A biophysical calcium-dependent model of synaptic plasticity: homeostasis, selectivity and beyond.
Luk C. Yeung, Leon N Cooper and Harel Z. Shouval
We have recently proposed a Unified Calcium Model of synaptic plasticity,
where the intracellular calcium concentration is the key associative signal
for the Hebbian synaptic plasticity. This model has been able to account for
various plasticity induction protocols, such as rate-based and spike
time-dependent plasticity. Furthermore, it implies novel, experimentally
testable consequences. However, like any traditional Hebbian learning
rule, it is inherently unstable.
Homeostatic metaplasticity had previously been suggested as a means of
stabilizing Hebbian plasticity, such as in the BCM sliding threshold
mechanism. We formulate a biophysical mechanism for the metaplasticity,
based on a cell-wide activity-dependent regulation of NMDAR conductance.

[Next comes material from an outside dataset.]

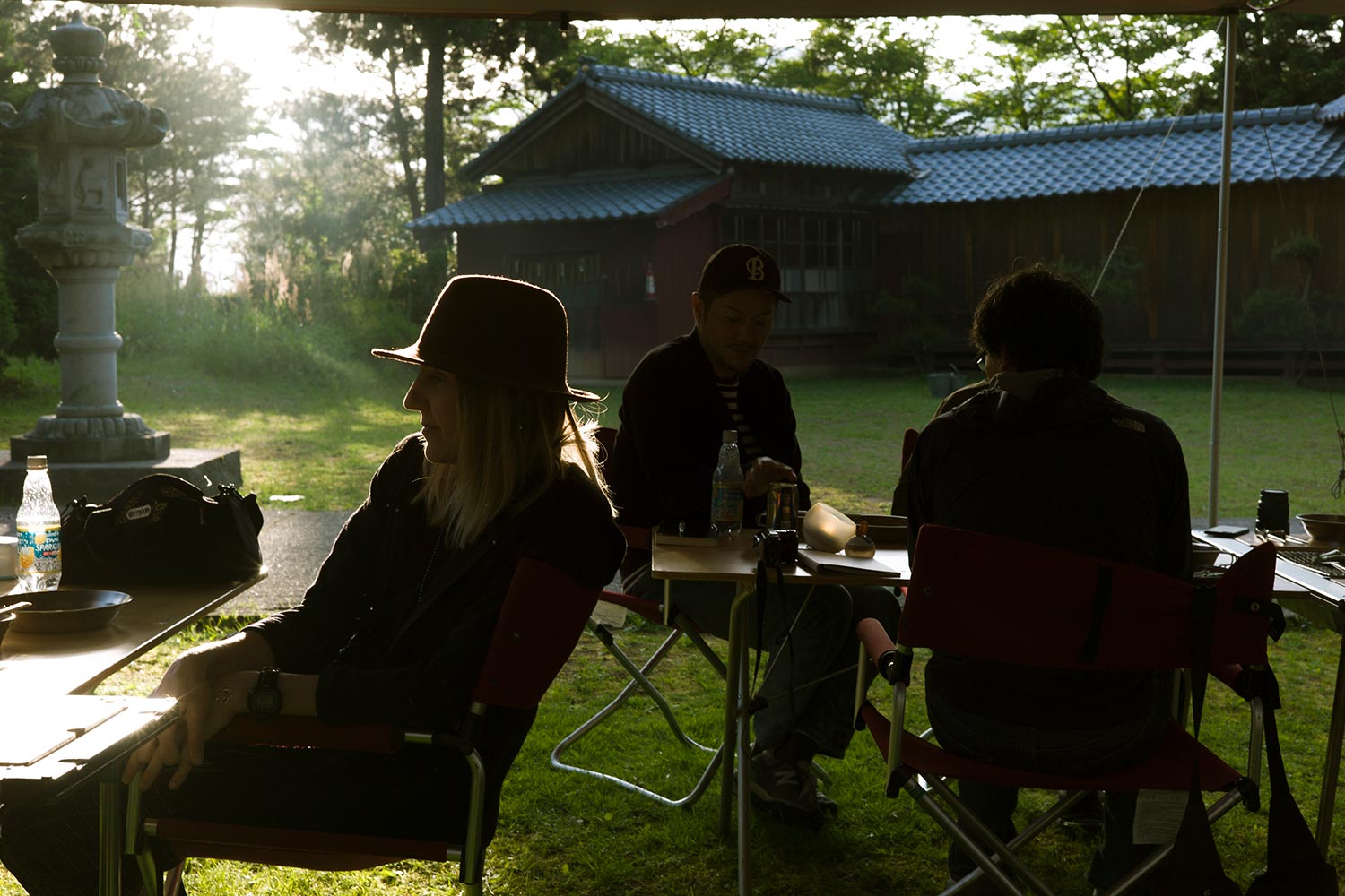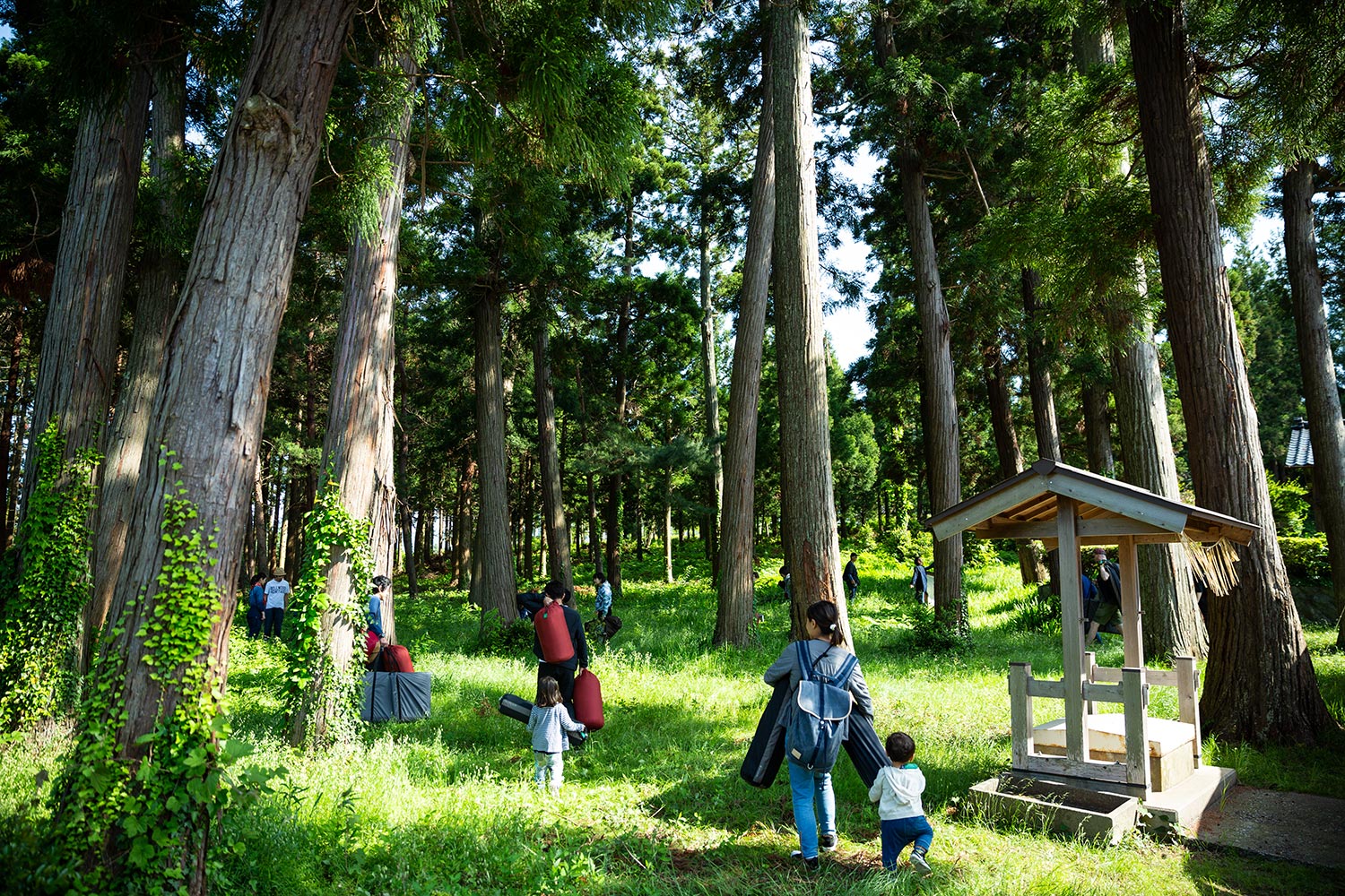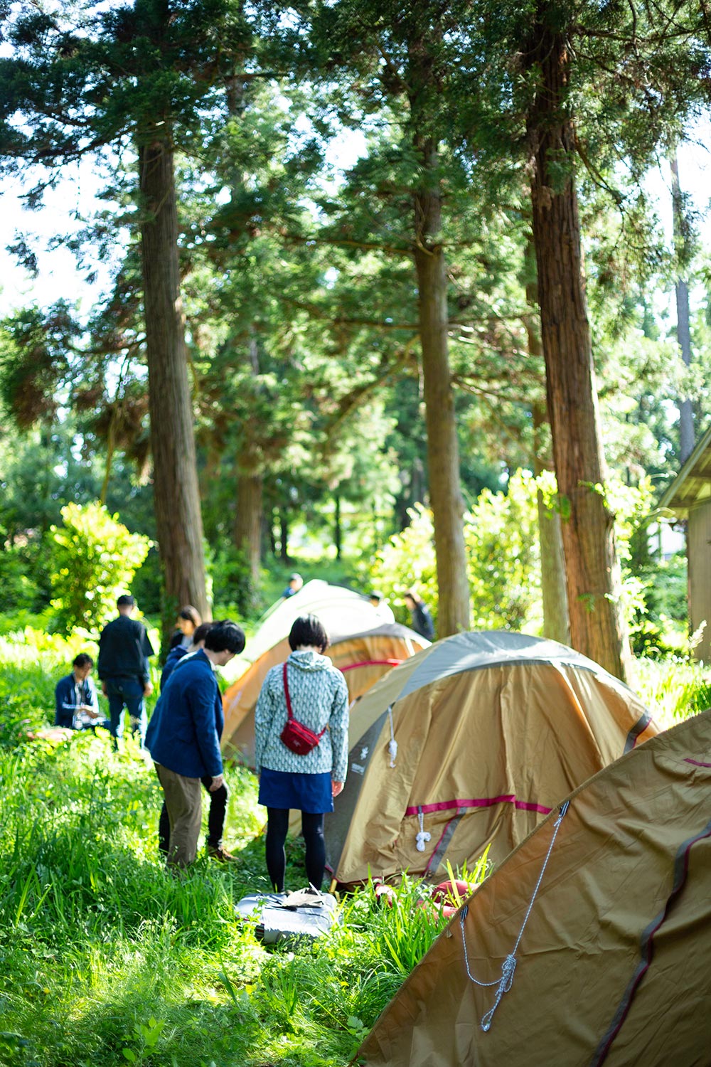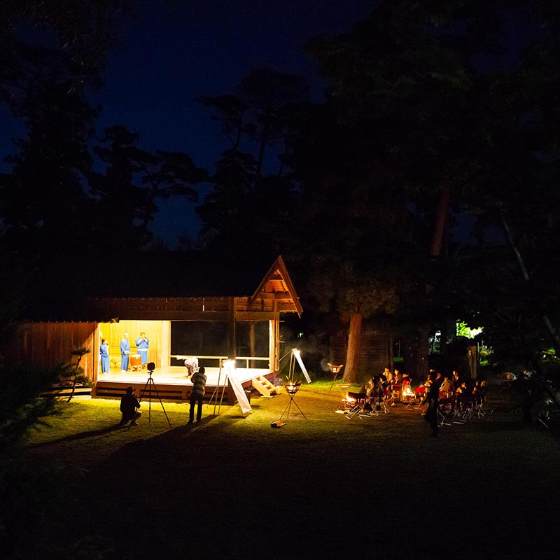 テントを立てるのは、加茂湖を見下ろす高台に建つ椎崎諏訪神社。佐渡文化の象徴でもある能舞台のかたわらが滞在の拠点となります。佐渡島の文化、歴史と、ここに住まう人々の暮らしに思いをはせながら、24時間を過ごします。

This form of metaplasticity stabilizes the Unified Calcium Model, while
maintaining the results from the standard plasticity-induction protocols.

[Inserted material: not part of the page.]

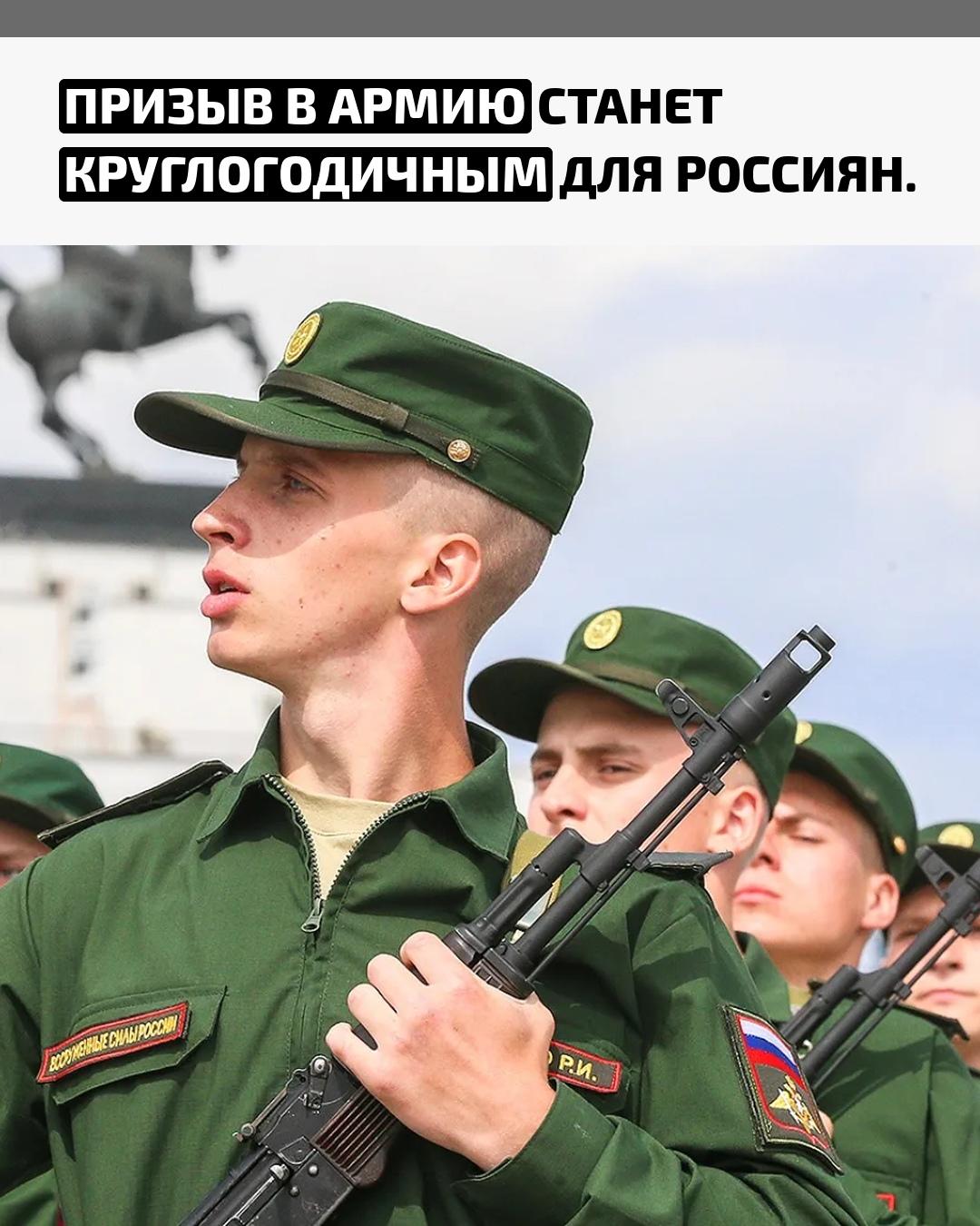 Правительство поддержало законопроект, согласно которому россиян теперь будут призывать в армию в течение всего года. Призывники обязаны проходить медкомиссию, психологические тесты и заседания комиссии без привязки к конкретному периоду.

In fact, we show that metaplasticity can account for the experimental
results of synaptic scaling, where the synaptic weights scale down as the
neuronal activity increases.
In addition to robustness, interesting collective features arise from the
combined plasticity-metaplasticity system. We show that the simulated neuron
is sensitive to differences in the spike-train statistics, being able
develop stable and selective receptive fields in different input environments.